Lest we deny Fogle his dues, Hawthorne does feel that materialism is bad. Baym, however, in spite of her attack on the spiritual as cryptorepression, is just as firm in her condemnation of the same thing. According to her, Hollingworth’s motives are “ruthless and materialistic”; Coverdale’s problem is his confusion of “necessary material means with ends.”19 Before we can proceed then, something must be said about the terms of the argument.
Robert Stanton, in his interpretation of Blithedale, sees the basic dichotomy as the conflict between spirit and nature, and, as we have come to expect, the terms of his dichotomy become very quickly morally charged:
By the “spirit,” Hawthorne almost always means an intangible, shadowy, “feminine” in man that is the source of all idealism, sympathy, shame and truth of any kind, and is opposed to and contrasted with the sensuous material world. But specifically it can refer to the entire material world including man’s physical body and senses, to everything in the material world except man.20
Stanton bases his distinction on a passage from Emerson’s essay Nature, in which nature is described as “all which philosophy distinguishes as the NOT ME, that is both nature and art, all other men and my own body [emphasis added].”21 The curious result of this dualism is that the person, the `ME,’ is not in the world or a part of nature. The real `ME’ is a disembodied spirit inhabiting an organic machine which is alien to man because it is physical. Emerson takes his cue from Descartes, and modern critics their cue from Emerson, in uncritically accepting proto-modern dualism and the pseudo-religious values that go with it. This unacknowledged rational psychology excludes any being which is specifically human as the term has been traditionally defined; it excludes, in other words, the possibility of a being which is both physical and spiritual in se.
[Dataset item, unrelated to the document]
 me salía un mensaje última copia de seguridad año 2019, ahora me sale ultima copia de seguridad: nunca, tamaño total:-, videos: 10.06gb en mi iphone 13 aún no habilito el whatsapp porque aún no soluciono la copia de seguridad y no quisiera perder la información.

According to Emerson and Hawthorne and the great majority of their critics, man now has the option of being an angel or a machine, but not of being human.
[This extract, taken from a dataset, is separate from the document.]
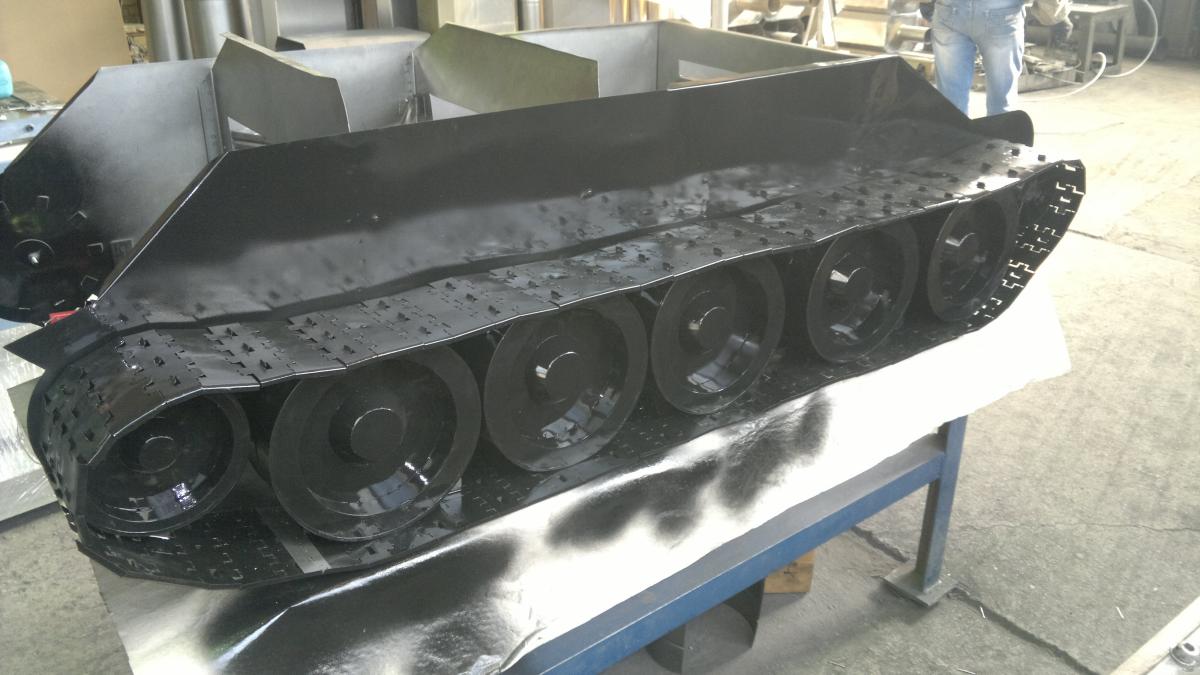 Сразу видно, в моделировании не мимо проходил)) Да, гусли это сплошная металлическая лента с имитацией траков. По другому не получается, ошибка была с самого начала, полмиллиметра слишком тонкий металл и не получится сделать из такой фольги систему натяжения для удержания гусли или вращающиеся катки, учту на будущее, что там полтора миллиметра надо, да и времени на изготовления отдельных траков не осталось, на следующей неделе поход на Москву, вот и решил схитрить. Но смотрятся они все равно хорошо. Ах да, выставка в Москве пройдет, когда узнаю точное время и дату, напишу, можно будут придти и в живую на него посмотреть, пощупать) Вес килограммов сорок пять - пятьдесят, на руках из цеха выгонять будем.

Yet Hawthorne’s rational psychology possesses nuances which few of his readers perceive and which fewer still can express systematically. If materialism is bad-and everyone is unanimous in saying that it is-matter nonetheless possesses a curious attraction, one which the pseudo-angel Coverdale has difficulty in fathoming. His attempt to understand why the ethereal Priscilla is atttracted to Hollingworth, the man of iron, causes him a great deal of perplexity. “What charm was there,” he muses, “in this rude massiveness, that so attracted and soothed this shadowlike girl?”22 Coverdale’s perplexity is so great in fact that he fails to see that he answers his own question. “Her air,” he adds a few lines later, “while perfectly modest, delicate, and virgin-like, denoted her as swayed by Hollingworth, attracted to him and unconsciously seeking to rest upon his strength.”23 The attractiveness of matter lies in its stability. It functions as a basis, as a foundation, as something secure, as something upon which one can rest. No one, so far as I know, in discussing the material world, has described its attractions, not even those like Baym, who set out to overturn the spiritual as the ideal. Materialistic has become a buzzword for “bad” among critics who fail to see that Hawthorne has a nostalgia for the very thing he so often condemns. Hawthorne is constant in his condemnation of materialism-the reduction of everything to material causes. He does not, however, condemn matter even though his feelings about it are never unmixed. The material becomes a metaphor for foundation in reality, and Coverdale, unlike Hollingworth, who “had come among us, actuated by no real sympathy with our feelings and our hopes, but chiefly because we were estranging ourselves from the world,”24 has no quarrel with the real, even if at times he hears he may be made clod-like by it.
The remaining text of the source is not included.